I'm not bothered what happens, but would prefer if all deleted threads were allowed a certain 'half-life' on their forum's listing which might read "This thread has been deleted by xyz. This entry will disappear in X days time". (No need for a reason to be given - we all know the rules.) Hidden threads might be flagged "This thread has been suspended at present" - which would either disappear when the hiding was over or convert to a 'disappeared' notice upon removal.

I know the Mods are all individuals but I don't see a good reason for them to have different practices in what is essentially a 1/2/3 situation - either a thread stays, is hidden, or is removed.

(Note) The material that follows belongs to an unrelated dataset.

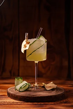 Nuestro cóctel más representativo: Cachaça con mano de buda y cítricos, pepino natural y manzana verde, con sirope de pepino y un toque de ginger ale. Fresco, equilibrado y muy fácil de beber.

This is not me asking for a justification of any practises, just offering a suggestion for clarity. It is rather annoying to spend ages hunting a half-remembered phrase and not find any trace of all the various combinations of what one thinks one remembers.


----------



## elroy

maxiogee said:


> "This thread has been deleted by xyz. This entry will disappear in X days time". (No need for a reason to be given - we all know the rules.)


 Do we?  Are you speaking for all newbies here? 

I think providing a reason is one of the most effective ways to get the message across, and saves us the trouble of PM'ing.  If the member has an issue with the deletion, he sends us a PM and we discuss the matter.

You do have a good point about searching, though.  I wonder, though - is this a frequent occurrence?  How often do you find yourself searching for a thread that you come to realize has been removed?


----------